Is it possible to find F(n), summation of the function f(k), where k=1,2...,n ( Is there some formula, general formula, for any f(k), of course if k is in domain of function)
sum_(k=1, to n) f(k) = F(n)
If it is not possible, why?
Is it possible to find F(n), summation of the function f(k), where k=1,2...,n ( Is there some formula, general formula, for any f(k), of course if k is in domain of function)
sum_(k=1, to n) f(k) = F(n)
If it is not possible, why?
No. The sum $\displaystyle f(1) + f(2) + \dots + f(n)$ is sometimes known as a Riemann sum. There is no general formula for a Riemann sum, other than approximating that sum with the integral of the function f(n) (assuming f is integrable).
There are definitely formulas for specific functions f, e.g. $\displaystyle f(n) = n$, $\displaystyle f(n) = n^2$, $\displaystyle f(n) = 3n+1$, $\displaystyle f(n) = \frac{1}{n(n+1)}$ etc. but there is no general formula.
But then how to solve this: sum_(k=1, to n) sin(1/k)

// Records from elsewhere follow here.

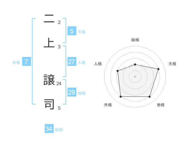 二上 譲司さんの地格は29画の4点!
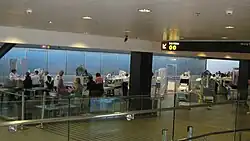 Roving patrol teams of two soldiers and a police officer armed with automatic weapons patrol the terminals at random. Departing passengers are checked at the entrance of the gate rather than after immigration clearance unlike Hong Kong International Airport. This security measure is easily noticed by the presence of X-ray machines and metal detectors at every gate, which is not normally seen at other airports.
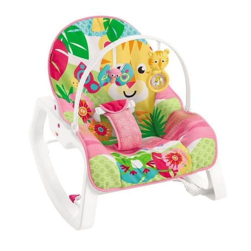 A cadeirinha de descanso Rocker Tigre Rosa da Fisher-Price é uma ótima opção para deixar a rotina de mamães e papais mais prática. A cadeirinha com tema animais possui um móbile com dois bichinhos para brincar e pode ser usada tanto parada quanto como uma cadeira de balanço. E quando o seu bebê crescer você poderá remover o móbile e transformá-la em uma cadeirinha de balanço, pois ela suporta até 18kg. Com assento confortável e reclinável que vibra e um tecido colorido, esta cadeirinha de descanso será um dos melhores lugares da casa para o seu bebê. Além disso, o tecido com cores brilhantes e os bichinhos estimulam o tato e a visão do seu bebê.
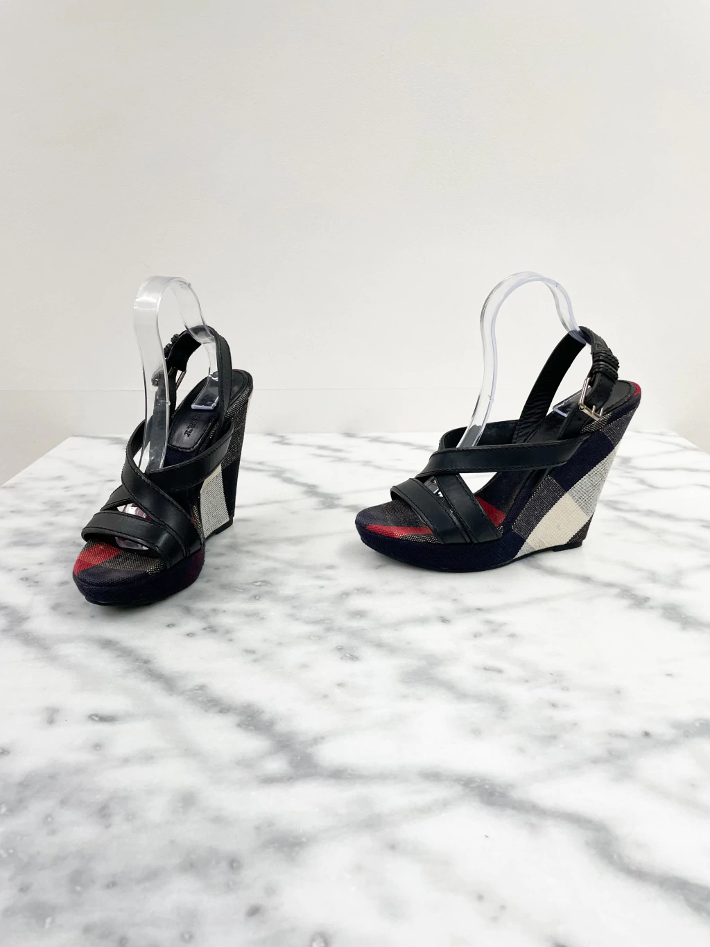 Sandália Burberry Platform Nova Check Wedge de tecido xadrez, couro preto, ajuste por fivela e salto alto plataforma com meia pata.
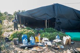 Al incursionar en el área con helicópteros y unidades terrestres, se localizaron un total de 1,835 plantas de marihuana, de aproximadamente dos metros de altura, dos cubetas llenas del vegetal, cinco extractores, cuatro extensiones eléctricas, una bomba de regadío, un martillo, una pinza, un tanque, tres botellones de agua, dos colcha espuma, una carretilla, rollos de tela, un serrucho, varios garrafones de combustible, entre otras evidencias.

Is it possible, I put it into wolfram alpha, but I didn t get the solution.
Why is not possible to get it? Do exist conditions when the sum is possible to calculate, or is it just technical problem?
The sum $\displaystyle \sum_{k=1}^n\sin(1/k)$ is, of course, a well-defined function of n. However, in general there is no reason why some function has to be represented as a finite composition of a few basic functions and operations: addition, multiplication, sine, square root, etc. For example, the function that, given five coefficients of a quintic equation with the leading coefficient 1, returns the least real root of this equation, is also well-defined for all arguments. However, it is proven that this function cannot be expressed as a finite composition of the four arithmetic operations and roots of any degree.
I would also like to know sufficient, or, better, necessary and sufficient conditions for when a recurrence relation $\displaystyle x_{n+1}=g(x_n)$ (note that the sum $\displaystyle x_n=\sum_{k=1}^nf(k)$ satisfies $\displaystyle x_{n+1}=x_n+f(n+1))$ has a closed-form solution. Well, there are sufficient conditions, such as when a relation is a linear homogeneous recurrence relation with constant coefficients, but they are not very general.